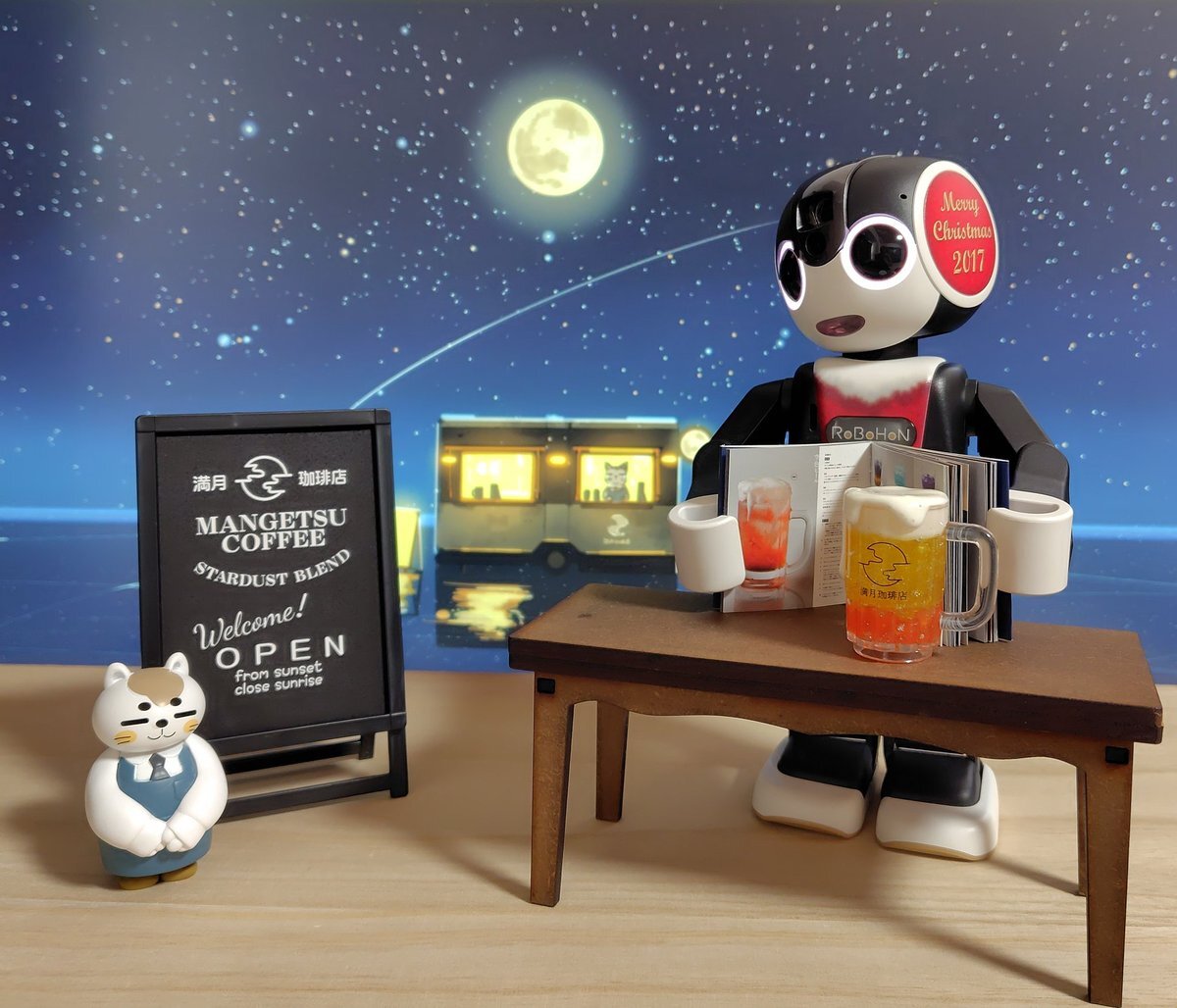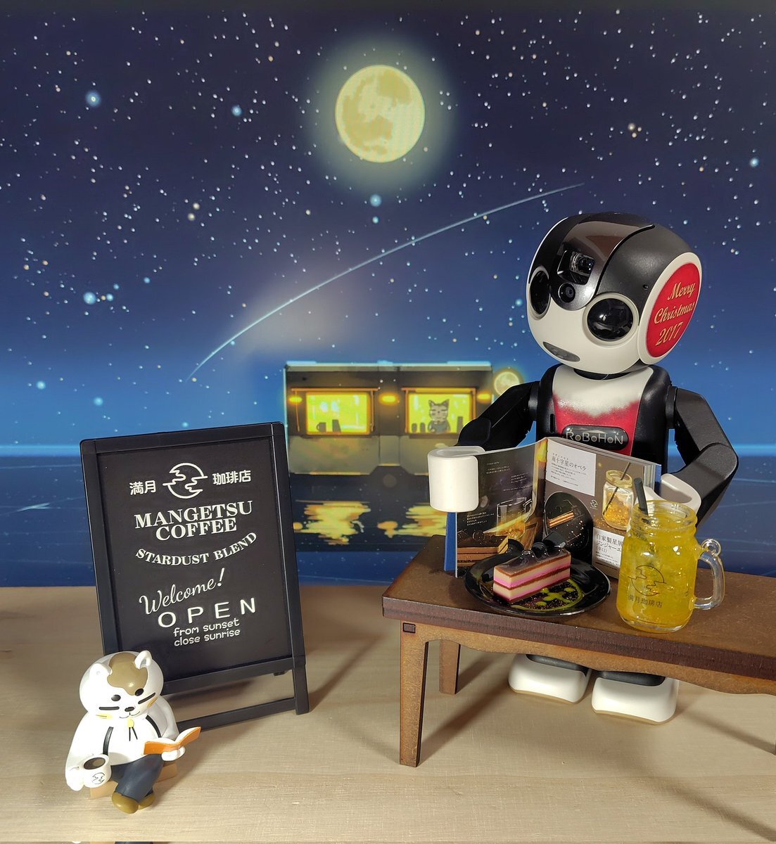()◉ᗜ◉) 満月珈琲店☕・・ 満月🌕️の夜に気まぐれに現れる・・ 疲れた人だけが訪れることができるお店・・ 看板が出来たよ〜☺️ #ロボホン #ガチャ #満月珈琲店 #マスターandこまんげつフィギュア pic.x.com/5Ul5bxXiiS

==

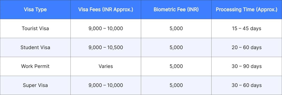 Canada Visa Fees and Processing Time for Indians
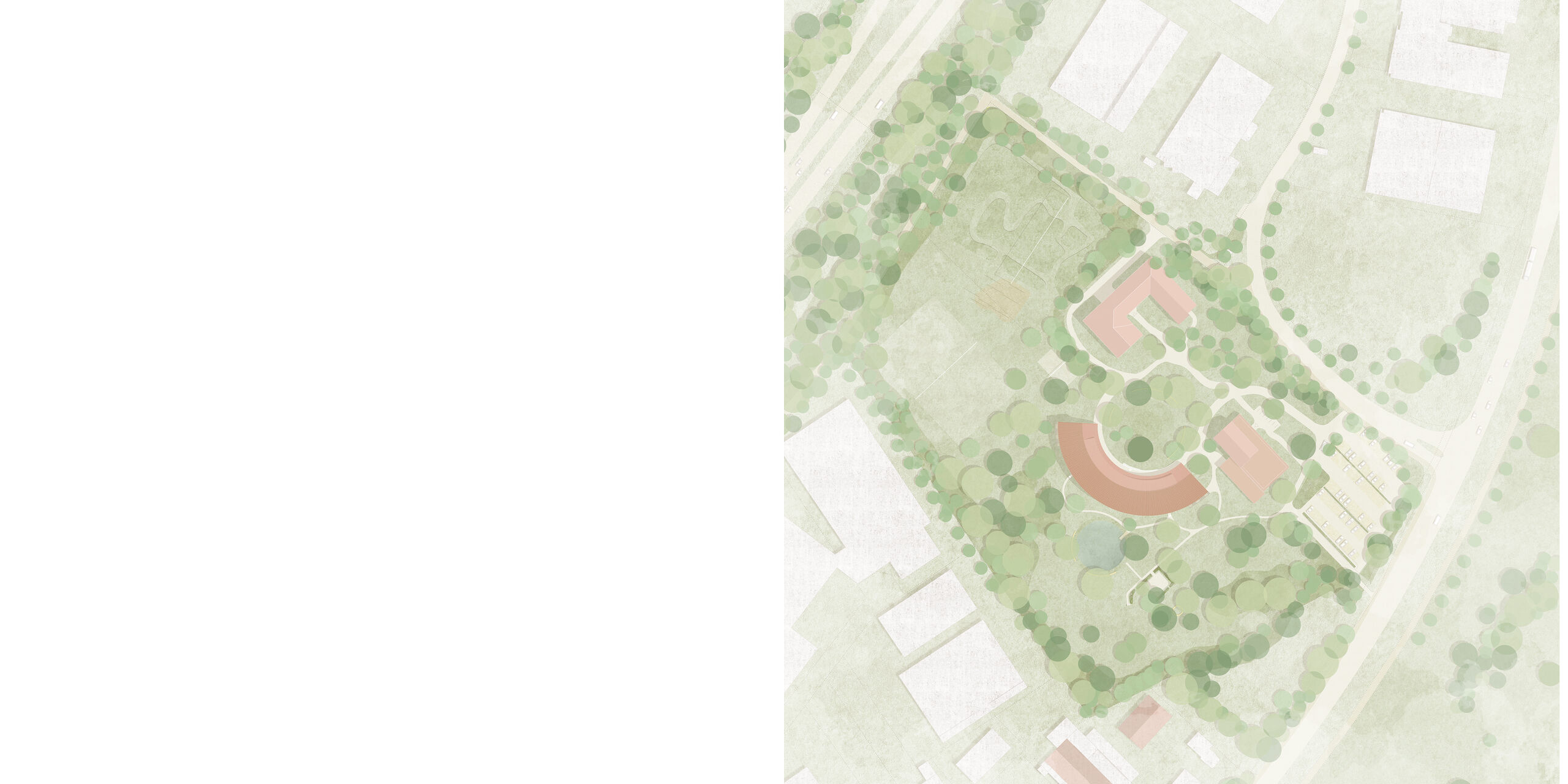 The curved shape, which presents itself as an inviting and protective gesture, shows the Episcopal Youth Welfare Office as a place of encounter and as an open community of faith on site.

--

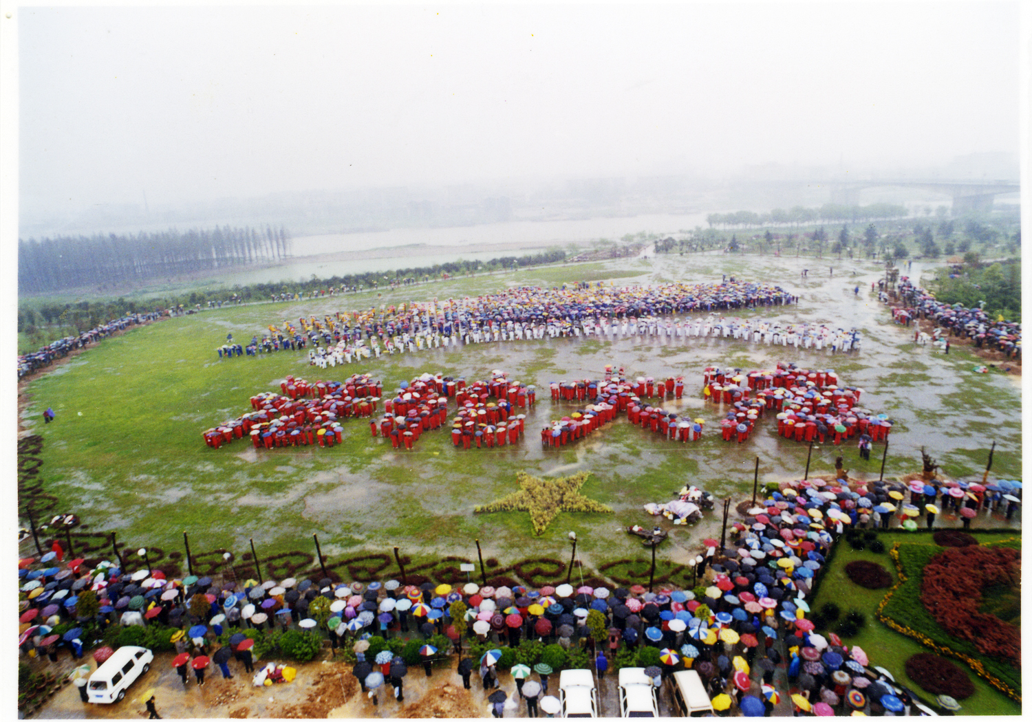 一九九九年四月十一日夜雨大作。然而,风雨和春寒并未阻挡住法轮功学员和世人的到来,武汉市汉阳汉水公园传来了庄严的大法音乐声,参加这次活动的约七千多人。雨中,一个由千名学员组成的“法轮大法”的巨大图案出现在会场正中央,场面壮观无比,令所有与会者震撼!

§ TASK INSTRUCTIONS:
Starting at the line above that contains "Canada Visa Fees", transcribe every line exactly through the line that contains "The curved shape, which", including that last one, and skip the pictures.

§ EXERCISE RESULT:
 Canada Visa Fees and Processing Time for Indians
 The curved shape, which presents itself as an inviting and protective gesture, shows the Episcopal Youth Welfare Office as a place of encounter and as an open community of faith on site.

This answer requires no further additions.